En algunos temas, nos gusta utilizar la voz como si fuera un instrumento, como si formaran una parte de ese todo que es la melodía. La voz humana es algo muy interesante. Si escuchas dos canciones, una con voz y otra sin, la que incluye voz humana resulta mucho más atractiva. Le da un toque humano que la gente agradece. Así que utilizamos las dos modalidades. En algunos temas, la voz aporta un segundo nivel a la melodía, que puede ser muy profundo.

¿Os resulta más difícil trabajar desde que dos de los miembros del grupo han ido a vivir a Berlín?

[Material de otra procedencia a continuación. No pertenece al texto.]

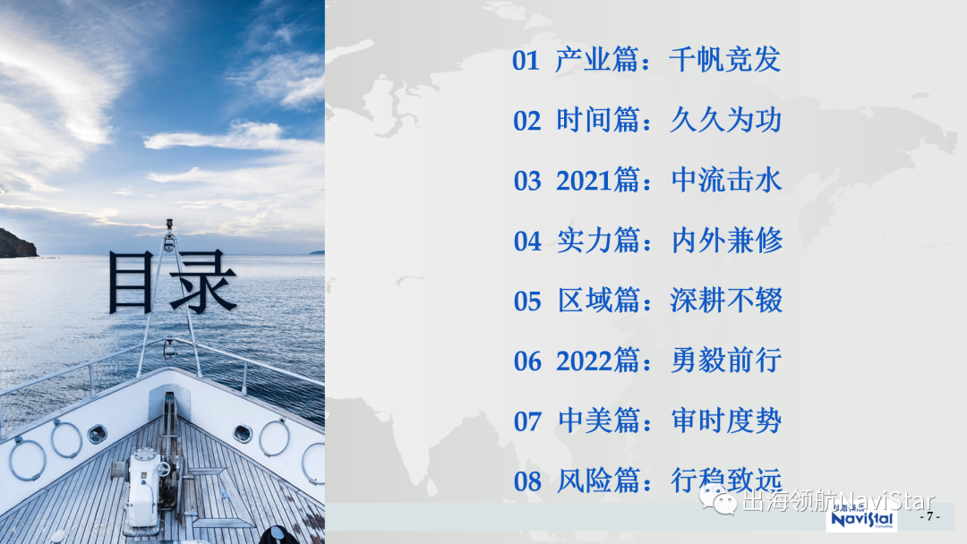 基于调研数据,经过系统的分析整理,出海领航团队重磅发布《出海领航2022年度百家中国制造企业出海调查报告》,报告共分为八个篇章,分别是:产业篇、时间篇、2021篇、实力篇、区域篇、2022篇、中美篇、风险篇。

Pues no resulta ningún problema. De hecho, yo he estado viviendo en Berlín antes que ellos, y como hemos pasado mucho tiempo de gira, no hemos estado alejados. Además, todos hemos estado componiendo por nuestra cuenta.

¿Trabajáis en nuevos temas mientras estáis de gira?

Un poco, pero es difícil, porque normalmente tienes barra libre. Y en festivales como éste, con tanta gente, con este sol y tan buenas actuaciones, es difícil concentrarse. Y viniendo de Islandia, pues aún resulta más difícil con este sol y este calor.

Hablando de Islandia, últimamente parece que es cantera de grandes bandas y artistas. Me pregunto, ¿tendrá esto algo que ver con el éxito de Björk? ¿Ha ayudado a algunas de estas bandas a dar el salto?

Yo creo que no ha afectado tanto al hecho de que la gente empezara en esto de la música, si no más bien a poner la atención en esta gente que ya estaba haciendo música incluso antes que Björk tuviera éxito. En los últimos 3 años, sí que se ha convertido en un punto muy activo de la escena musical, pero la verdad es que había poco movimiento. Todo era muy amateur, amigos tocando en un garaje. Pero han empezado a haber mucho concursos, en los que los ganadores salían de gira, y eso ha ayudado mucho al desarrollo. Y el éxito de Björk nos ha conseguido un poco de atención. Islandia es muy pequeña y está muy lejos de lo que sería la gran Europa.

En las últimas semanas hemos escuchado que estáis ya trabajando en nuevos temas. ¿Volveréis a grabar pronto?

Ya hemos grabado algunas canciones. Mientras las íbamos componiendo, las hemos estado grabando en Islandia. Pero no son más que esbozos. Cuando acabemos nuestras actuaciones, nos volveremos a meter en el estudio. Ahora iremos a América y Japón, a ver qué tal va.